• Otter Views: Post Nautical Sailing

    by Tom Stevens

    A Tuesday bicycle spin took me to a corner of Monterey Harbor where a squadron of dinghies had raised sail. The small white boats bobbed in line like ducklings as the sailing coach called out final instructions.

    At the tiller of each boat, a young girl or boy awaited the signal to cast off. Another young sailor sat forward, ready to let out the jib, take in the sheets, or whatever it is that makes boats go.

    For someone who has spent a lifetime a stone’s skip from the ocean, I know lamentably little about sailing, and I’m much the worse for that. So I was heartened to see young mariners with their boats lined up smartly along the wharf and their life vests snugly secured. Someone is covering what I missed.

    At length the whole flotilla set off. Without collision or clamor, they rode a soft southwesterly breeze down the narrow channel. Because the kids knew what to do, the boats smoothly negotiated a virtual Scylla and Charybdis of docks, pilings, pleasure craft, fishing trawlers, buoys and barnacles.

    Soon only the peaks of the sails were visible, floating serenely as clouds beyond a thicket of masts and spars. Pushing off on my bike, I felt unreasonably happy. It pleases even a landlubber to know that ancient maritime arts are vouchsafed to a new generation.

    Sailing is on my horizon these days as San Francisco prepares to host its first America’s Cup. The races would be history-making for the site alone, but the advent of hydrofoil catamarans powered by computer-trimmed Kevlar “wings” puts this Cup in a class by itself.

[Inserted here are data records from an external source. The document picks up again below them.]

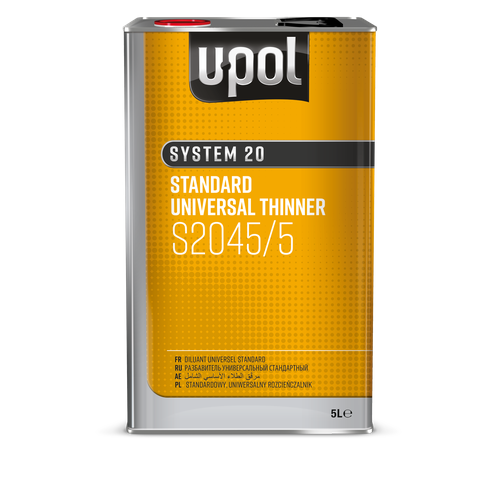 Профессиональный высококачественный универсальный разбавитель автоэмалей и ЛКМ U-POL S2045 Standart Universal Thinner на сольвентной основе. Используется с акриловыми грунтами, лаками и большинством базовых покрытий на основе органических растворителей. Идеален для ремонта больших поверхностей. Совместим с большинством лакокрасочных материалов.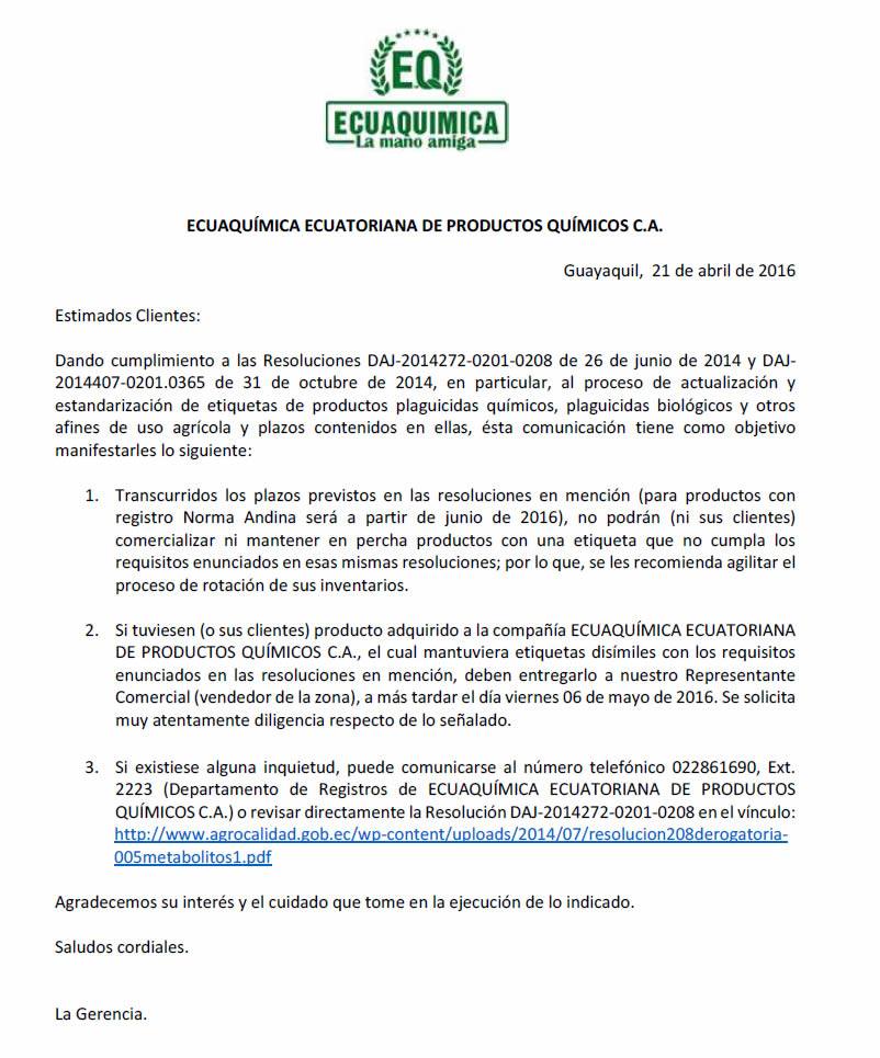 Amigos Distribuidores de Ecuaquímica, compartimos un comunicado de nuestro Departamento de Registros.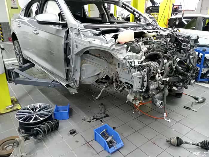 师傅说纵梁抗住了所有撞击力,连减震塔顶都没坏,底盘件全部拆掉重换,等配件装好后做四轮定位和清洗后交车。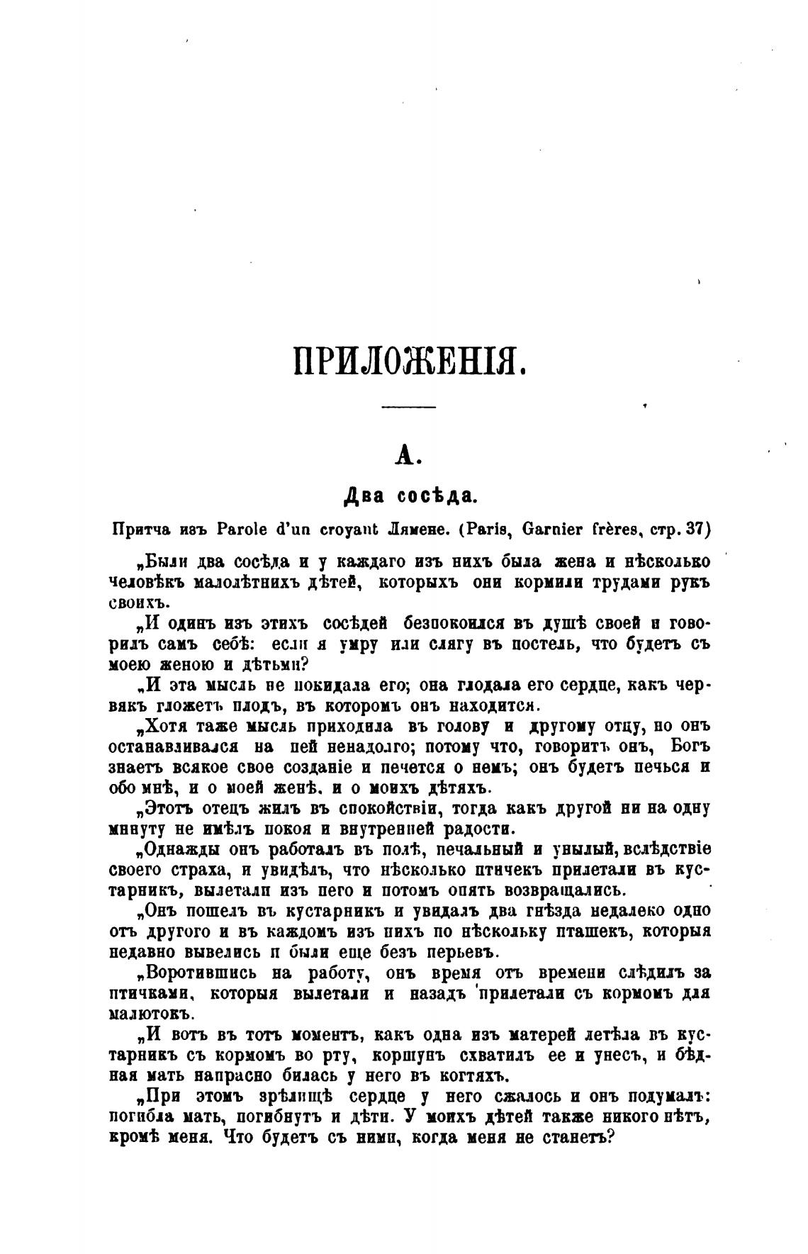 Притча ивъ Parole d'un croyanb Ляиене. (Paris, Garnier frbres, стр. 37)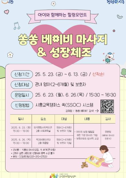 이번 프로그램은 생후 2개월부터 6개월까지의 관내 영아와 보호자를 대상으로 진행된다. 아이의 성장 발달을 촉진하고 보호자와의 유대감을 높일 수 있는 기본 마사지 기법과 성장 체조 교육이 중심 내용이다. 전문 베이비 마사지 강사인 모윤정 씨가 교육을 진행한다.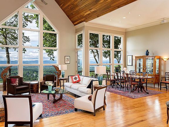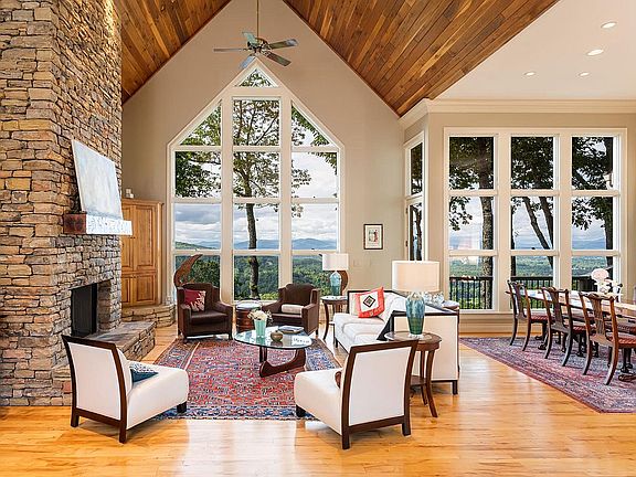 Exquisitely Renovated! Stunning home w/ expansive long range views of golf course, city of Hville and Blue Ridge mtns. Northern facing panoramic views from every room. Located on quiet cul-de-sac in the gated Kenmure Country Club community w/gorgeous landscaping and outside lighting to accent home. Main level features open floor plan, cathedral walnut paneled ceiling, floor to ceiling stone fireplace, custom walnut front door, maple wood floors, wall of windows, dining area, master suite w/ cathedral ceiling, private deck, shower w/ steam feature, whirlpool, expansive kitchen & breakfast area w/gas fireplace,high-end SS appliances, granite counters, island,custom walnut cabinetry and study. Amazing LL boasts family rm w/ wood burning stove, bar area, 2nd master suite, guest BR/full BA, office and large hobby/bonus rm. Relax while taking in the majestic views from the screened porch, multi-level deck or soaking in the hot tub. 2 car plus golf cart garage. Level entry! Luxury Mtn Living.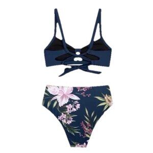 Cupshe Women’s Bikini Set Medium Blue Floral High Waist Two Piece Swimsuit Suit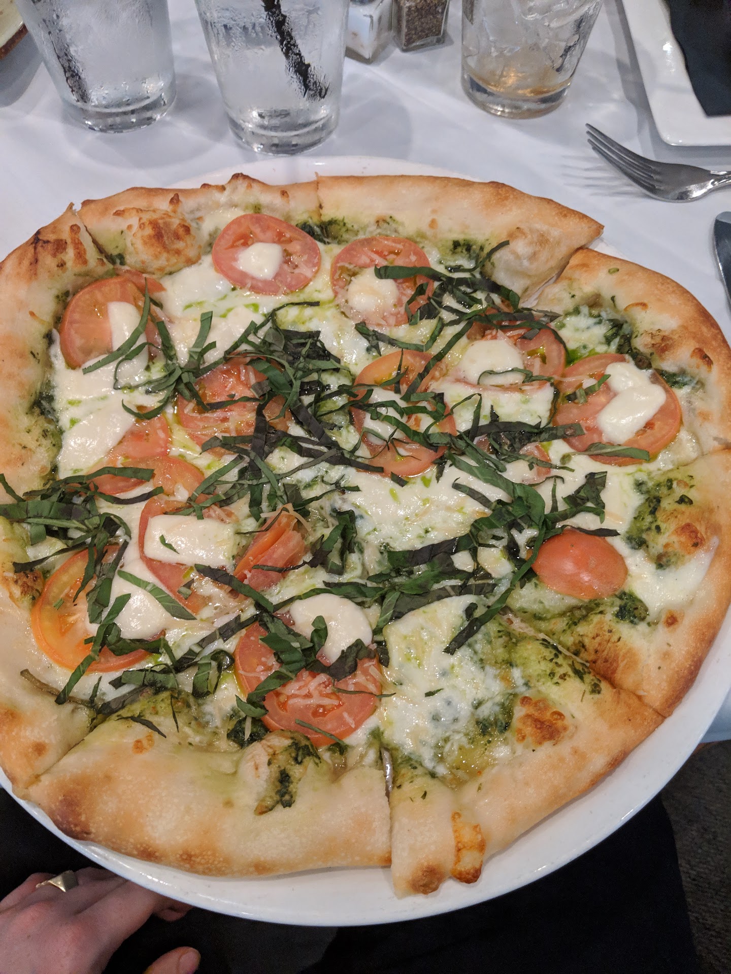 Crab cakes were described as all lump no breadcrumbs which sounding interesting although not my style. In actuality, we had to search for crab meat, couldn't taste the crab meat or much else. If cheap frozen crab cakes from a box at Kroger tasted like this, I would be disappointed. My wife was thinking the exact same thing. No questions were asked even though my wife sent hers back with only a single bite taken out of it. The duo of sauces (marinara and something herbal?) were an interesting choice.

    In pre-race trials, these sleek new racers reportedly have reached speeds of 40 knots (46 miles per hour) skimming across the wind-whipped, Ovaltine-colored waters of San Francisco Bay. Or not skimming, in a couple of notable cases. Already, two boats have “pitch-poled” after their sharp bows dug too deeply into the waves. One boat was wrecked; the second pinned and drowned its best crewman.

    These ruinous setbacks have prompted some longing for the kinder, gentler America’s Cups of yore, when boats had a single hull, several canvas sails, and no crew fatalities. That desire is understandable, as the new boats seem almost post-nautical; closer to aircraft than watercraft. Their designs are so radical, their tolerances so unforgiving, and their velocities so great that they bear comparison not to previous boats, but to other speed record aspirants.

    Remember the “X-1?” I recall as a kid watching flickery black-and-white “Movietone News” footage of a stubby rocket plane designed to break the sound barrier, or two sound barriers, or something. Because this quest would subject the pilot to extreme new forces, the training included terrifying rides aboard a “rocket sled.”

    The pilot would be strapped into this contraption like a human cannonball. At some unseen signal, flame would belch from the undercarriage, firing the sled along its track like a bullet.

    Close-ups then showed this acceleration turning the handsome young test pilot into Dorian Gray. His head would tilt back, his goggled eyes would bulge hideously, his neck and cheeks would start to flap, and every inch of visible skin would ripple like a flag. At the end of its run, the sled would slam into a water trough, sending up a huge explosion of superheated spray.

    “Can this possibly be worth it?” I wondered even then. “Will his face stay like that?”

    But as usual, I underestimated the human capacity for suffering, risk and reward. After many jet sled tests, the X-1 broke whatever record it had set out to break, and copious glory followed. So did the X-2, the X-10, and all the other Xs that led to space flight. That process cost any number of lives along the way.

    The same could be said for land speed records. As each new generation of jet-fueled motorcycles and chute-popping rocket cars blasted over the salt flats, vehicles spun out of control and drivers paid with their lives.

    Those were rogue speed record attempts, one might argue, not internationally sanctioned races. But racing can be fatal too, as any Nascar fan will attest. Whatever the course – be it land, sea or air – someone is crashing and burning on it. Tragically, even thoroughbred horses break up and die, and they have little say in that fate.

    OK coach, tacking back to starboard. Given the rocket sled trajectory of human ambition, the America’s Cup is not likely to return to single hulls and canvas sails anytime soon. The catamarans should make this year’s races the fastest and most dangerous ever, and that should bring out whatever fans aren’t rooting for the Giants. Come to think of it, with the right stadium seat, you could probably do both.